README.md

---
base_model: unsloth/phi-3.5-mini-instruct-bnb-4bit
library_name: peft
---
# Model Card for Fine-tuned Phi-3.5-mini-instruct for MCQ Generation

## Model Details

**Model Description**

This model is a fine-tuned version of `unsloth/Phi-3.5-mini-instruct` (an optimized 4-bit version of `microsoft/Phi-3-mini-4k-instruct`). It has been fine-tuned using Low-Rank Adaptation (LoRA) specifically for the task of generating multiple-choice questions (MCQs) in JSON format based on provided context text. The fine-tuning was performed using the script provided in the context.

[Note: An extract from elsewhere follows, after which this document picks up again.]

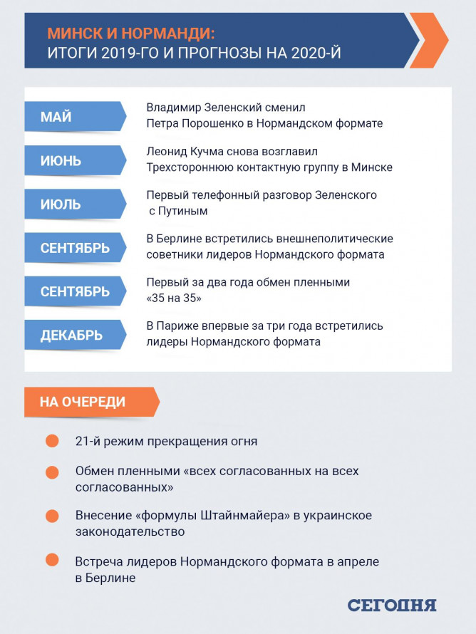 Подготовка к первой за три года встрече лидеров «нормандского формата» (Украина, Россия, Германия, Франция) шла довольно тяжело. Больше она нужна была украинской стороне и лично Зеленскому, который сделал встречу с Путиным своей главной фишкой. Поэтому Москва постоянно повышала ставки, заставив Киев подписаться под пресловутой «формулой Штайнмайера» (механизмом введения в действие закона об особом статусе Донбасса после проведения там местных выборов, – прим. ред.). С встречей лидеров «нормандской четверки» увязала Россия и разведение сил и средств у Станицы Луганской и Золотого (Луганщина), а также в районе Петровского (Донетчина).
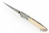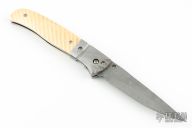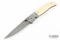 This Linerlock by CC Knife features a Damascus blade with false top edge, single thumbstud with bone inlay. The handle has fluted and fileworked Damascus bolsters, fluted bone scales, stainless steel liners and fileworked backspacer. Nice detent, lockup and blade seating. Excellent condition.

* **Developed by:** Fine-tuned based on the provided script. Base model by Microsoft. Optimization by Unsloth AI.
* **Funded by [optional]:** [More Information Needed]
* **Shared by [optional]:** [More Information Needed]
* **Model type:** Language Model (Phi-3 architecture) fine-tuned with QLoRA.
* **Language(s) (NLP):** English
* **License:** The base model `microsoft/Phi-3-mini-4k-instruct` is licensed under the MIT License. The fine-tuned adapters are subject to the base model's license and potentially the license of the training data (`asanchez75/medical_textbooks_mcq`). Unsloth code is typically Apache 2.0. Please check the specific licenses for compliance.
* **Finetuned from model:** `unsloth/Phi-3.5-mini-instruct` (4-bit quantized version).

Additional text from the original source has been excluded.